Mendapat serangan mendadak berupa pelukan lengan, suara manja, dan tingkah ceria yang luar biasa aktif dari Maizy, tubuh tegap Frederick seketika membeku total layaknya patung batu.
Deg.
Jantung sang Komandan Kavaleri Hitam itu berdegup sangat kencang, namun wajah tampannya justru mengekspresikan rasa syok dan kebingungan yang luar biasa. Manik mata abu-abunya membelalak lebar, menatap lurus ke arah Maizy yang sedang menggelayut manja di lengannya dengan pandangan yang benar-benar kaget dan tidak percaya.
Bagi Frederick, perubahan ini terlalu ekstrem. Sebab, sosok Nona Muda Maizy yang dia kenal dan dia puja selama bertahun-tahun adalah seorang putri bangsawan yang luar biasa kalem, anggun, bermartabat, dan bersuara lembut tipikal nona suci yang jarang menampakkan emosi meledak-ledak, apalagi bertingkah aktif dan menggelayut manja pada pria seperti ini di dalam kamar.
"M-Maizy...?"
Suara bariton Frederick yang biasanya terdengar mutlak dan berwibawa di medan perang, kini mendadak bergetar gugup dan patah-patah. Dia bahkan tidak berani menggerakkan lengannya karena takut menyenggol tubuh Maizy.
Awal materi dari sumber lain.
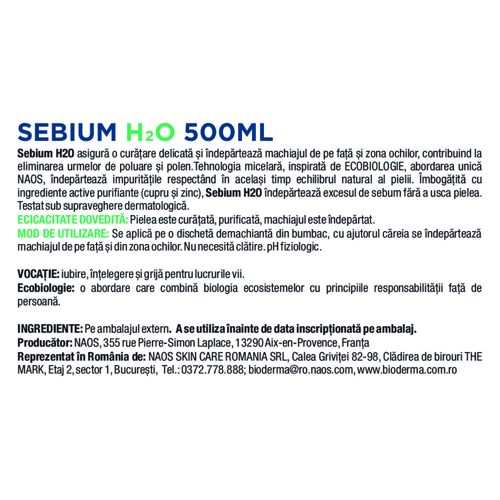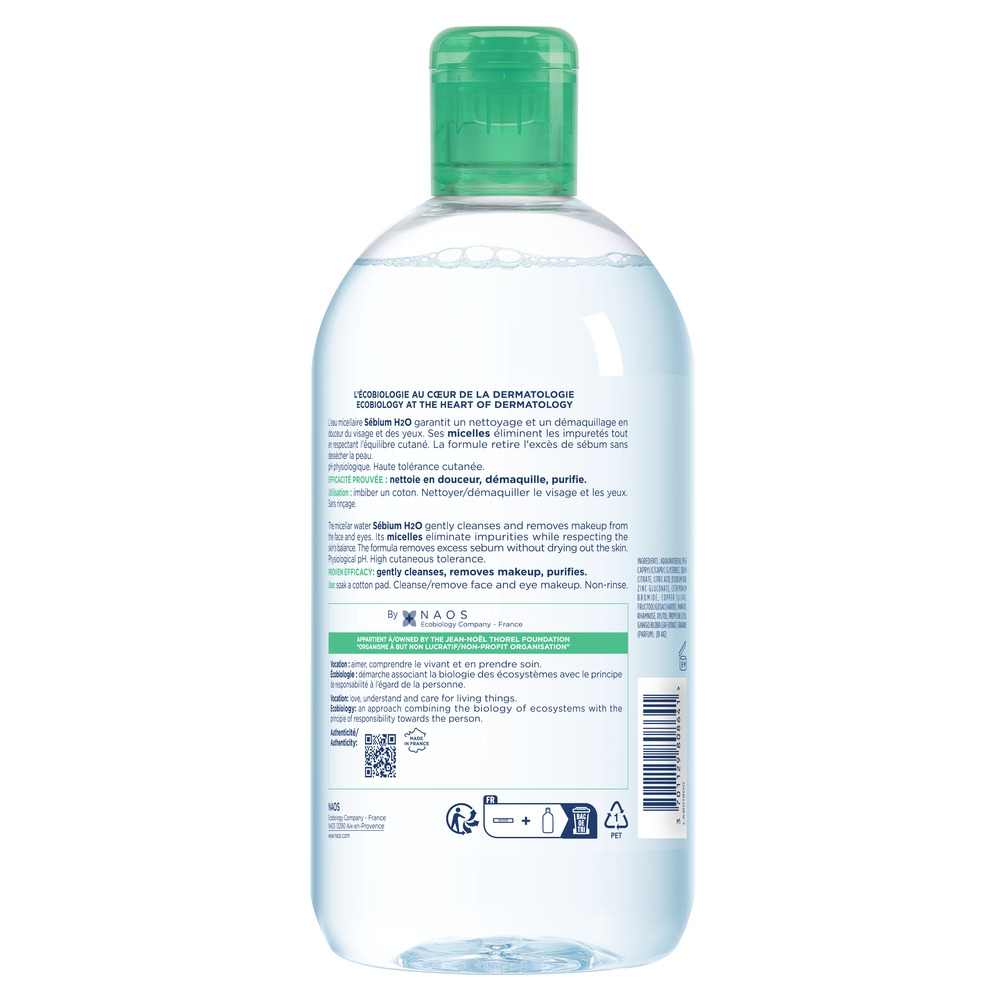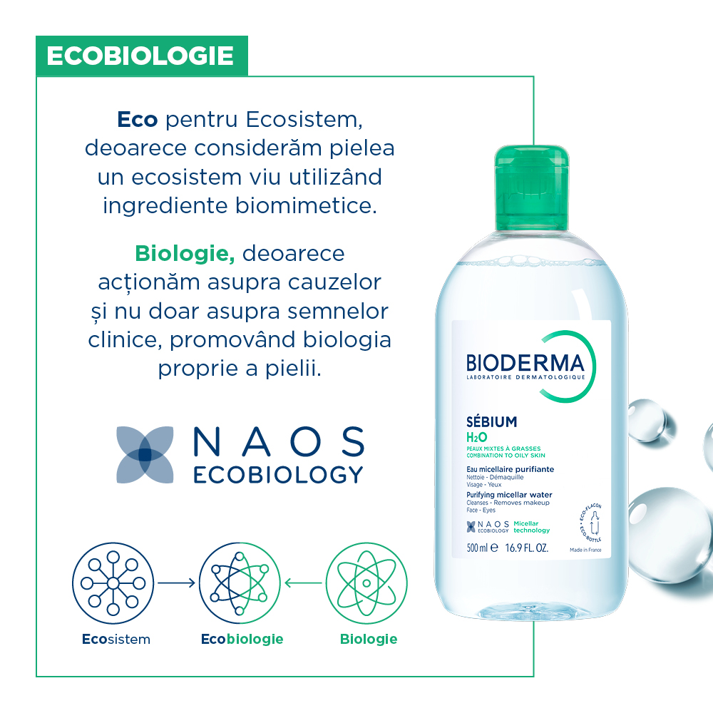 Sebium H2O asigura o curatare delicata si indeparteaza machiajul de pe fata si zona ochilor. Tehnologia micelara, inspirata de ECOBIOLOGIE, abordarea unica NAOS, indeparteaza impuritatile respectand in acelasi timp echilibrul natural al pielii. Imbogatita cu ingrediente active purifiante (cupru si zinc), Sebium H2O indeparteaza excesul de sebum fara a usca pielea.

Poni wolfcut-nya sedikit bergoyang saat dia menundukkan wajahnya yang mendadak memerah samar di bagian telinga, benar-benar mati kutu menghadapi sifat "baru" Maizy.
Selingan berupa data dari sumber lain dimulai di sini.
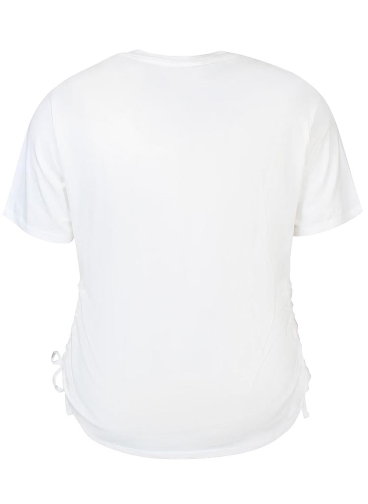 Rúnnað hálsmál og laust beint snið ásamt reimum á hliðunum svo þú getur rykkt upp toppinn.

"Kau... kau yakin kepalamu tidak terbentur batu sangat keras di hutan?" bisik Frederick ragu namun teramat lembut, menatap lekat-lekat wajah ceria Maizy dengan campur aduk antara rasa senang karena tidak lagi ditolak, namun juga ngeri kalau-kalau racun hutan terlarang itu sudah merusak saraf kesopanan sang putri seutuhnya.